Lignano Sabbiadoro (/it/; Lignan) is a town and comune (municipality) in the Regional decentralization entity of Udine, in the Friuli-Venezia Giulia region of north-eastern Italy. It is one of the main summer resorts in northern Italy and on the Adriatic Sea coast.

==History==
Lignano Sabbiadoro developed in the early 20th century starting from some private hospitality resorts, which at the beginning could be reached only by sea. The first permanent inhabitants settled in the area in 1931, after the draining of the nearby marshes.

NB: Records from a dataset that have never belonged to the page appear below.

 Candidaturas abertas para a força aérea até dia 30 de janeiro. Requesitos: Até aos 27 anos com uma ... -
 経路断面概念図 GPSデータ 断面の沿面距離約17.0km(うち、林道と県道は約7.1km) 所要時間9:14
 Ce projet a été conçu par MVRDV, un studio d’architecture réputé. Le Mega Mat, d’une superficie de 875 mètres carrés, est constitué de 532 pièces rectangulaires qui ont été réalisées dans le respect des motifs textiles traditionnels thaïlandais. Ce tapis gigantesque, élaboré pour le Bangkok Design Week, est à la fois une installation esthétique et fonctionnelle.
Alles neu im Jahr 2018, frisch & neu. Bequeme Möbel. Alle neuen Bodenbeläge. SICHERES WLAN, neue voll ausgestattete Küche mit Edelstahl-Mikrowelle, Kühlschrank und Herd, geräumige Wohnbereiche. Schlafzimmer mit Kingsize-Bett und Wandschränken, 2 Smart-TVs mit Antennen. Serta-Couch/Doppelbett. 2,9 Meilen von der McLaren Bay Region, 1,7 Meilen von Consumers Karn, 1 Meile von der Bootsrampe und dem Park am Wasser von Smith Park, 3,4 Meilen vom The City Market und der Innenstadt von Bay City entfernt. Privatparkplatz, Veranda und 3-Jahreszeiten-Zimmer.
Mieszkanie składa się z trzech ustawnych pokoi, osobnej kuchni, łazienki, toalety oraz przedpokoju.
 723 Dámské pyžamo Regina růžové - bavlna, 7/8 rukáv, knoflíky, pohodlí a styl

The first road connecting Lignano with the nearby comune of Latisana was built in 1926.

Formerly known as simply Lignano, the name Sabbiadoro (from sabbia d'oro "golden sand") was added in 1935 for promotional reasons.

It is divided into three zones, each with its own particular traits: the historic centre, rife with shops and restaurants (Lignano Sabbiadoro itself); the greener area of Lignano Pineta, with lovely gardens and lanes for strolling; and Lignano Riviera, the waterfront, rich in salty sea air and coastal pines.

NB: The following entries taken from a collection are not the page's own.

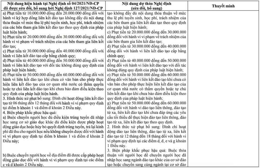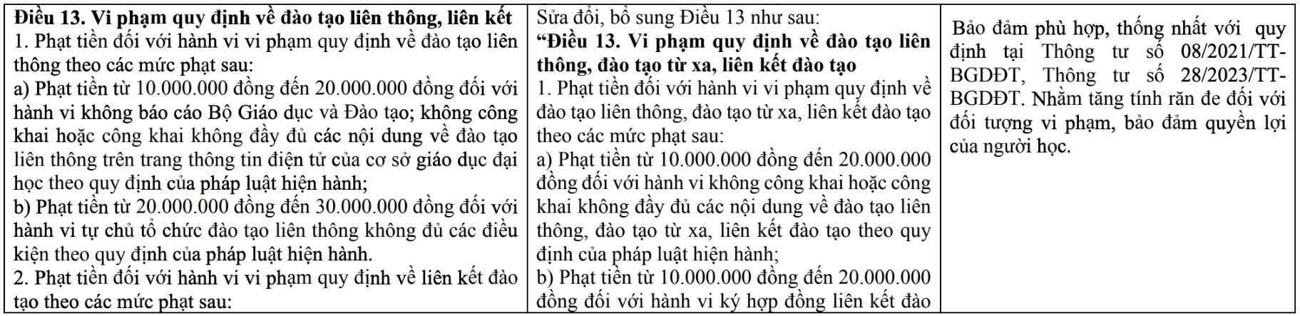 그중 교육훈련부는 연계 교육 원격 교육 연계 교육 규정 위반 행위에 대한 벌금 수준을 수정하고 보충할 것을 제안합니다. 이에 따라 교육훈련부 법령 초안 제11조 교육훈련부는 수정할 것을 제안하고 제13조를 보충합니다. 교육훈련부는 이 조항이 통지서 제08/2021/TTBGDDT호 통지서 제28/2023/TTBGDDT호 규정과 일치하도록 보장한다고 밝혔습니다. 이를 통해 위반 대상에 대한 억제력을 높이고 범죄자의 권리를 보장합니다.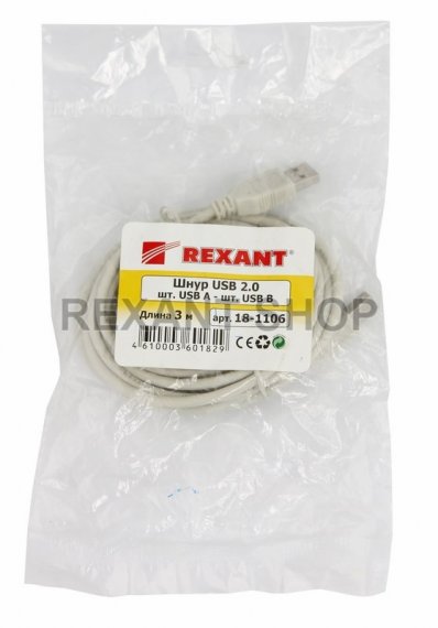 Купить по низким ценам Rexant 18-1106             Описание Rexant 18-1106 Шнур USB-А (male) - USB-B (male) 3M REXANT предназначен для подключения периферийных и портативных устройств (принтер, МФУ, сканер и т.п.) к компьютеру, имеющие разъемы типа USB-B. C одной стороны шнура располагается штекер разъема USB-A, а с другой штекер разъема USB-B. Разъемы изготовлены из высококачественного пластика, а контакты из никелированного сплава меди, что способствует стабильной передачи сигнала. Цвет шнура серый, а его длина составляет 3 метра. Интерфейс USB является самым распространенным на сегодняшний день.
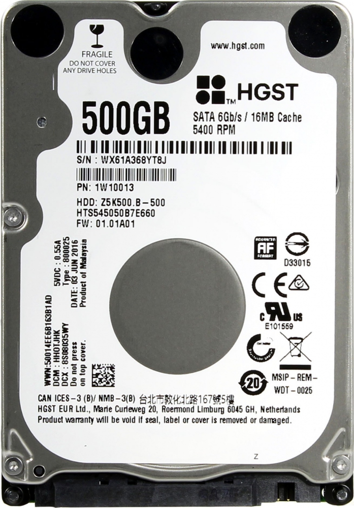 Жесткий диск для ноутбука форм-фактор 2.5", объем 500 гигабайт, интерфейс SATA 6 GB/s, объем буфера 8 Мб.

During World War II, the final operations of the German navy – involving the evacuation of troops and personnel from Istria and Trieste ahead the advancing Yugoslavs – took place here in May 1945. An estimated enemy force of 4000 landed from 26 ships of all types at the mouth of the Tagliamento River. Germans equipment included E-boats, LSTs, a small hospital ship, all types of transport, and a variety of weapons. The 21st Battalion of the New Zealand 2nd Division was outnumbered by 20 to one, but at the end, on 4 May 1945, the Germans surrendered. Lignano became an autonomous commune in 1959. Lignano lives on summertime tourism, and is home to Austrian, German, and Slovenian citizens. The latest administrative town elections were held in June 2022 and saw the Center-Right Coalition victorious over the Center-Left civic list.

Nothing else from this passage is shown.